**Exercise material**
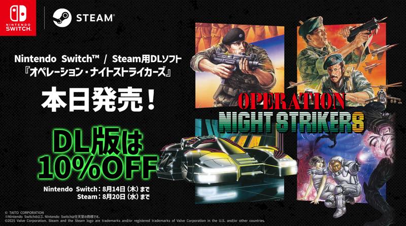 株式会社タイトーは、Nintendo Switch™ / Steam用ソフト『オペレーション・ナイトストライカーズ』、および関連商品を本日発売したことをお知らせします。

---

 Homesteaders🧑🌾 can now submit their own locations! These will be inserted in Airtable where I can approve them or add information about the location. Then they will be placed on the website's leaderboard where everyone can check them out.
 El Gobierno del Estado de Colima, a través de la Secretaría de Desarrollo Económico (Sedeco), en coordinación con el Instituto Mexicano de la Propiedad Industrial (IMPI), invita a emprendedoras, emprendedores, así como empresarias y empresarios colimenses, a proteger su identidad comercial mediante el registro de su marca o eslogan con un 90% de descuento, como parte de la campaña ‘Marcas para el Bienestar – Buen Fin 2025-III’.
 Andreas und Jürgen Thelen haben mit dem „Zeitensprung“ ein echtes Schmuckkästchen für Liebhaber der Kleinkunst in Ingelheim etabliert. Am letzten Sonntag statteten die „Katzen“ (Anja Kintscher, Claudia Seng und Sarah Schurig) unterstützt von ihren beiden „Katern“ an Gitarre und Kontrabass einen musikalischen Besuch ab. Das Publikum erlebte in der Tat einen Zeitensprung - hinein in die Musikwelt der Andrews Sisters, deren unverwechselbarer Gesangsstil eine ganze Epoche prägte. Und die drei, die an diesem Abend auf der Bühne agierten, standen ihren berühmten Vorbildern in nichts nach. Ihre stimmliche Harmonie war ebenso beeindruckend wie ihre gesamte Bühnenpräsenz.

**Your instructions**
Only the lines above from the line with "Homesteaders🧑🌾 can now" to the line with "El Gobierno del", those two lines included, should be reproduced exactly.

**Response**
 Homesteaders🧑🌾 can now submit their own locations! These will be inserted in Airtable where I can approve them or add information about the location. Then they will be placed on the website's leaderboard where everyone can check them out.
 El Gobierno del Estado de Colima, a través de la Secretaría de Desarrollo Económico (Sedeco), en coordinación con el Instituto Mexicano de la Propiedad Industrial (IMPI), invita a emprendedoras, emprendedores, así como empresarias y empresarios colimenses, a proteger su identidad comercial mediante el registro de su marca o eslogan con un 90% de descuento, como parte de la campaña ‘Marcas para el Bienestar – Buen Fin 2025-III’.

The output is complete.